If your employer has issued you EMI options, you’re the beneficiary of a tax-advantageous share scheme. You can read more about the tax benefits of EMI, but here we’ll explain how your EMI options are issued over a growth share class and what that means for you.
Usually, EMI options are issued over an ordinary share class. This means that when you decide to exercise your options, you’ll have to pay the agreed exercise price set by the company (this is usually the actual market value (AMV) of the shares at the time of issue).
If you work for an established company or have thousands of options to exercise, the cost to exercise your options and own the shares can be expensive. For example, say your company issues you 1,000 options with an exercise price of £5 per share, you’d have to pay £5,000 to own the shares.
Of course, the shares might be worth a lot more than £5 when you exercise your options, but not everyone has the funds to cover the initial exercise price.
However, when a company issues EMI options over a growth share class, the exercise price becomes significantly lower as growth shares are always issued at nominal value (the face value of a share, as determined by how the company’s capital is denominated) or close to. This can be anything from £1 - £0.00001.
Growth shares are essentially worthless upon issue as they have a ‘hurdle rate’ attached to them, which is the value in which the recipient starts to benefit from the shares.
For example, Jane has received 1,000 EMI options that use a growth share class.
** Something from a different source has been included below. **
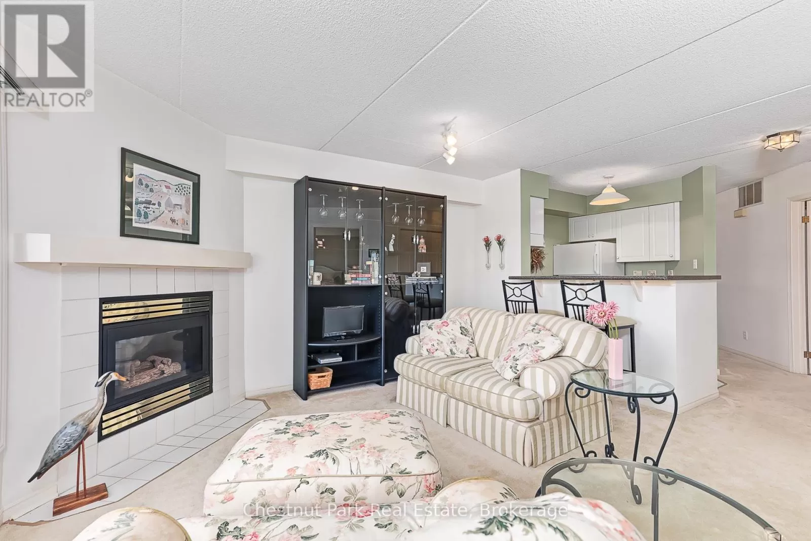 Cross Streets: Highway 26. ** Directions: Hwy 26 to LHP entry gate, straight back to Johnston Park. Welcome to 701 Johnston Park Avenue! This highly sought-after ground floor unit offers the convenience of no stairs and easy access to the waterfront and recreation center. The one-bedroom, one-bathroom layout features an open concept design, providing a perfect canvas for your personal touches. Enjoy a lovely outdoor patio surrounded by nature, and bask in the brightness of large windows that flood the space with natural light. The unit is equipped with a gas fireplace, a four-piece bathroom, and a primary bedroom with a spacious closet. This property is an excellent choice for those seeking a low-maintenance and economical living option. Experience a wealth of on-site amenities, including two private beaches, nine tennis courts (which include pickleball facilities), and two outdoor pools. Enjoy access to a private marina and over 2 kilometers of waterfront walking trails along Georgian Bay. Additionally, the expansive recreation center features an indoor pool, hot tubs, a sauna, a party room, a fitness center, a children's games room, and much more! Collingwood is renowned for its premier downhill skiing, hiking, and vibrant shopping and dining opportunities. The development boasts a balanced mix of full-time and part-time residents, with rental restrictions in place to ensure ultimate enjoyment for owners. Don't miss this fantastic opportunity! (id:27476)
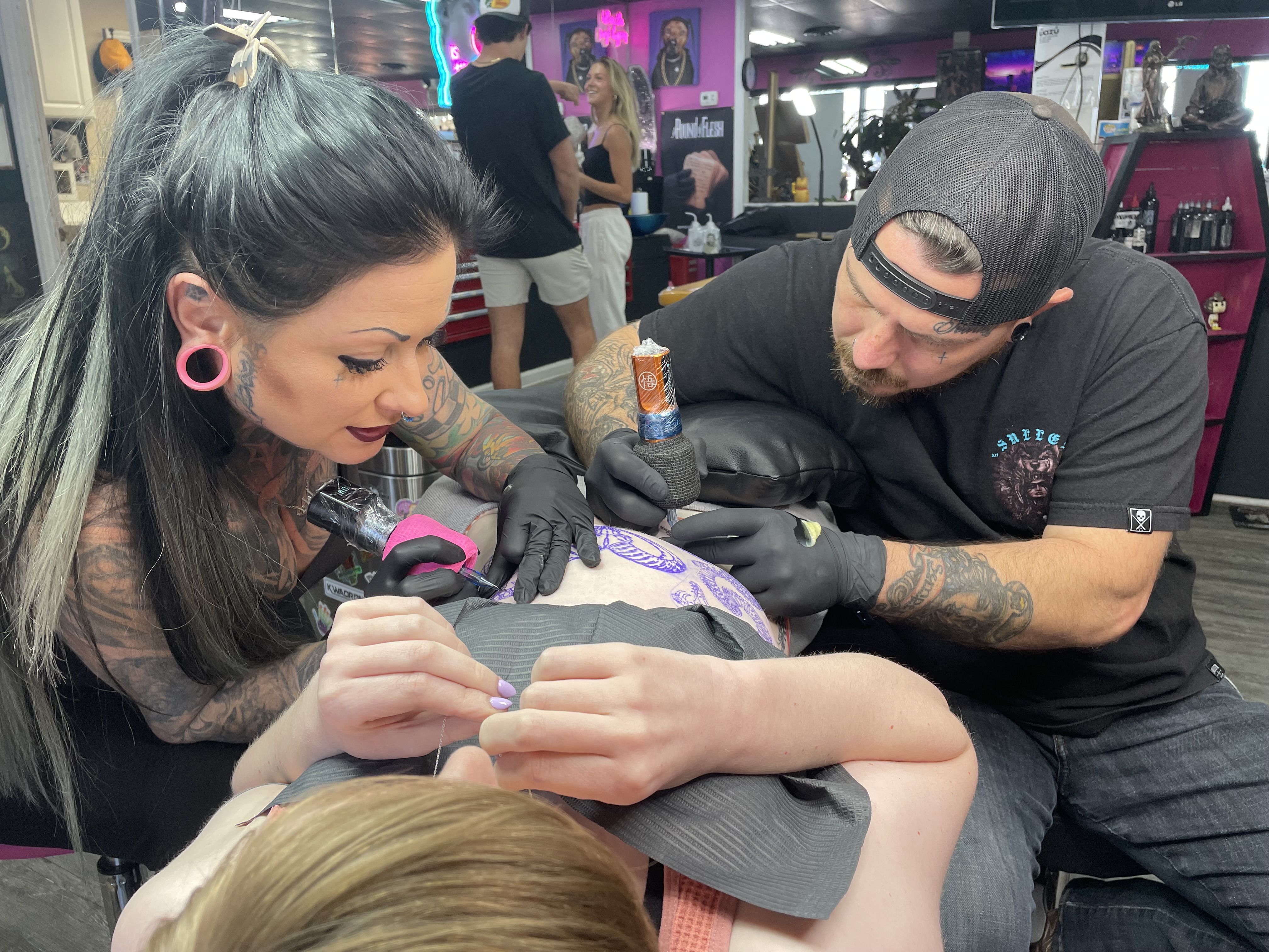 Enjoys Black & Grey, fine lines, & Neo-Traditional. He’s also offers permanent makeup and will take on anything that comes his way!

At the time, the company is valued at £5 per share, but Jane’s growth shares are issued at £0.01 with a hurdle rate of £6.
Exercising these options is a fraction of the cost compared to ordinary shares, but the first £6 of the shares is reserved for ordinary shareholders.
So when Jane eventually sells her shares, she will benefit from the share price at the time of sale minus the hurdle rate.
Why do companies set hurdles?
Hurdles protect existing shareholders from dilution when new shares are issued. They also ensure new shareholders don’t benefit from the work of the people before them.
Continuing from the example above, if a new employee had the same hurdle of £6 when the shares are now worth £10, it wouldn’t be fair to you if they profit from the work you’ve done to grow the company to £10 per share. Instead, their hurdle will be higher to reflect the value they add to the company from that point onwards.